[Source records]
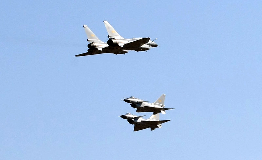 慶祝中國人民解放軍空軍成立60周年飛行表演,11月15日上午在北京沙河機(jī)場(chǎng)舉行。表演按八一飛行表演隊(duì)4架殲-10飛機(jī)表演12個(gè)動(dòng)作和6架殲-7GB飛機(jī)表演15個(gè)動(dòng)作,分四機(jī)對(duì)頭交叉、四機(jī)菱形隊(duì)大坡度盤旋、單機(jī)小速度平飛等27個(gè)動(dòng)作,其中四機(jī)對(duì)頭交叉動(dòng)作是這次表演中技術(shù)難度較大的動(dòng)作之一,這是國產(chǎn)三代飛機(jī)和國產(chǎn)二代飛機(jī)首次同場(chǎng)競(jìng)技表演。圖為殲10戰(zhàn)機(jī)編隊(duì)在進(jìn)行特技表演。王穎 攝
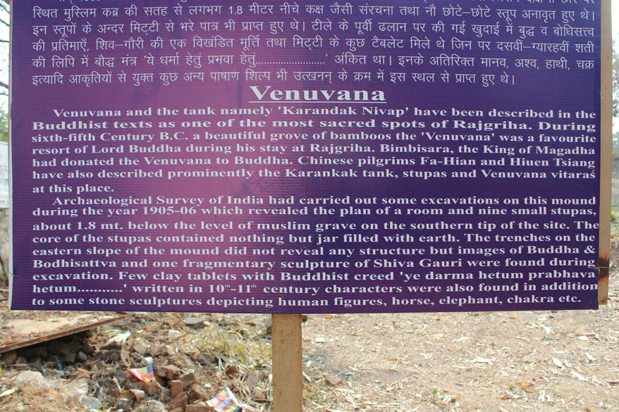 2. Board outside Venuvana. Hills and caves surrounding Rajgir were home to many spiritual teachers ranging from the materialism of the early Charavaka School to the metaphysics of Upanishadic
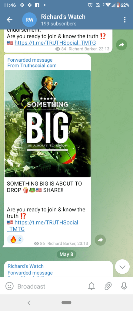 After answering my remarking, “I wonder, maybe in connection with planned launch of DJT’s social media platform Truth Social?” upon her “Mayday, Mayday!” Fbk post, dear Veronika added her reply as a Postscript to the original, and posted at HKP as:
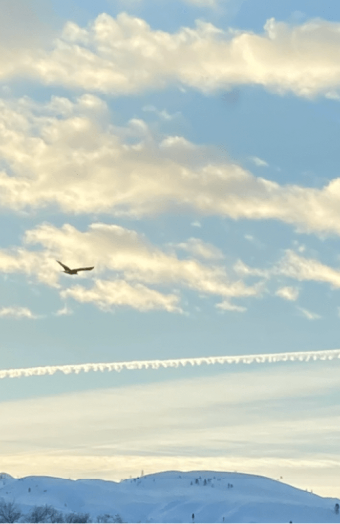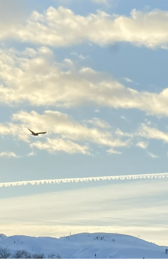 Above: Early morning osprey and disintegrating chem trail over the Okanogan River in the backyard. The extreme winter we’re seeing has been beautiful, but it’s also been tough.
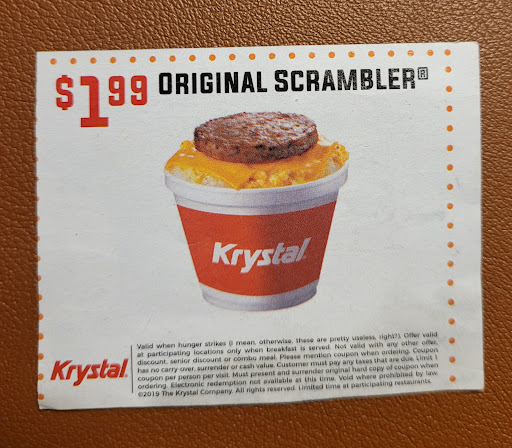 Read moreThis was the absolute worst experience I've ever had at Krystal burgers. First, you could barely hear the person taking orders at the drive through. Secondly, when we arrived to the window, the male staff member got an attitude about us not hearing him. When I kindly explained that we couldn't hear him at all, we received more attitude instead of an apology. I understand it if you are doing the best you can with faulty equipment, but the attitude is uncalled for. Third, we were told to pull forward to wait for our order. It was 24 cheese Krystals, 3 large fries, and 3 corn pups. After waiting 30 minutes, I went back to the window to ask what the hold up was. Again, I was met with nothing but attitude. When I went back to the car and told my boyfriend, he went to ask for a refund. At this point over 40 minutes had passed and wr still didn't have our order. He was rudely told that they don't give refunds. And somehow our order was magically ready after 45 minutes of waiting. The rude staff said they gave us 2 extra Krystals for our troubles, but they didn't. (Not that food makes up for a 45 plus minute wait and the rude staff.) After visiting Krystal burgers for over 30 years, I think this is one family tradition that will be dumped. (We have always made it a habit to have at least 1 Krystal burger every trip down to GA., and we visit several...

- **Required action**
Exact repetition is the task: every line from the start of the data to the line with "Above: Early morning", inclusive, and none after it, pictures omitted.

- **Problem solution**
 慶祝中國人民解放軍空軍成立60周年飛行表演,11月15日上午在北京沙河機(jī)場(chǎng)舉行。表演按八一飛行表演隊(duì)4架殲-10飛機(jī)表演12個(gè)動(dòng)作和6架殲-7GB飛機(jī)表演15個(gè)動(dòng)作,分四機(jī)對(duì)頭交叉、四機(jī)菱形隊(duì)大坡度盤旋、單機(jī)小速度平飛等27個(gè)動(dòng)作,其中四機(jī)對(duì)頭交叉動(dòng)作是這次表演中技術(shù)難度較大的動(dòng)作之一,這是國產(chǎn)三代飛機(jī)和國產(chǎn)二代飛機(jī)首次同場(chǎng)競(jìng)技表演。圖為殲10戰(zhàn)機(jī)編隊(duì)在進(jìn)行特技表演。王穎 攝
 2. Board outside Venuvana. Hills and caves surrounding Rajgir were home to many spiritual teachers ranging from the materialism of the early Charavaka School to the metaphysics of Upanishadic
 After answering my remarking, “I wonder, maybe in connection with planned launch of DJT’s social media platform Truth Social?” upon her “Mayday, Mayday!” Fbk post, dear Veronika added her reply as a Postscript to the original, and posted at HKP as:
 Above: Early morning osprey and disintegrating chem trail over the Okanogan River in the backyard. The extreme winter we’re seeing has been beautiful, but it’s also been tough.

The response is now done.